To be sure, even if Roberts, Kavanaugh, and Barrett all agree with the three Democrats that evidence of adaptive functioning is permitted even when a defendant’s IQ scores are all above 70, that doesn’t necessarily mean that Smith will prevail. But, as Seth Waxman, Smith’s lawyer, pointed out, a lower court’s factual determinations normally must be upheld by appeals courts unless the lower court made a “clear error.”

So the Supreme Court should not disturb a lower courts’ factual determination that a specific person has an intellectual disability, except in very extreme cases.

At the very least, however, these justices’ questions do suggest that they do not plan a wholesale assault on Atkins. At the most, they may rule in Hamm that Smith, a death row inmate with a genuinely marginal claim that he is intellectually disabled, may nonetheless be executed.

“The evolving standard of decency”

Historically, the Court’s right flank has criticized Atkins and attempted to undermine it. In Hall v. Florida (2014), for example, one of the Court’s decisions establishing that capital defendants may introduce other evidence that they are intellectually disabled even when their IQ scores are above 70, four justices dissented. Justice Samuel Alito’s dissent, moreover, would have given states a great deal of leeway to determine how criminal defendants are evaluated for an intellectual disability.

Yet, while Alito still pushed for a narrow reading of Atkins, he didn’t seem to have much support from his colleagues. Although Alito spent considerable time suggesting that it would be absurd to let additional evidence into a hypothetical case where the defendant had five IQ scores of 100 and one of 71, for example, none of the other justices seemed to latch onto this unlikely hypothetical.

Additionally, none of the justices, including Gorsuch, brought up an alternative framework for Eighth Amendment cases that Gorsuch floated in Bucklew.

Beginning in the middle of the 20th century, the Court declared that the constitutional ban on cruel and unusual punishment “must draw its meaning from the evolving standards of decency that mark the progress of a maturing society.” So, as a particular method of punishment grows more “unusual,” it also stands on increasingly infirm constitutional ground.

In Bucklew, however, Gorsuch ignored this “evolving standards” framework and instead suggested that a punishment is unconstitutional only if it would have been considered cruel and unusual when the Eighth Amendment was ratified in the 1790s. This approach would potentially have breathtaking consequences for all criminal defendants. Among other things, it’s not at all clear that the founding generation thought that it was cruel and unusual to give someone an excessive punishment for a minor crime.

But no one brought up this originalist approach during the Hamm argument, and Alito, of all people, seemed to reject it entirely.
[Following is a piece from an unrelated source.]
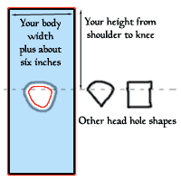 Cut a curve in the narrow edge or both rectangles for the head (wider if it needs to go over armour), , sew the shoulder seams and then roll the neck edge and hem.

At one point, he stated fairly explicitly that his Court’s job in Hamm is to determine “the evolving standard of decency.”

The big takeaway from Wednesday’s argument, in other words, is that Smith’s fate remains uncertain. But it also looks like the Court’s decision in this case will be fairly narrow.

If a majority of the justices do crave a Bucklew-style revolution in the Court’s approach to the Eighth Amendment, that revolution will have to wait until a future case. And it is far from clear that there is a majority for such a revolution, even though a total of five justices joined Gorsuch’s opinion in Bucklew.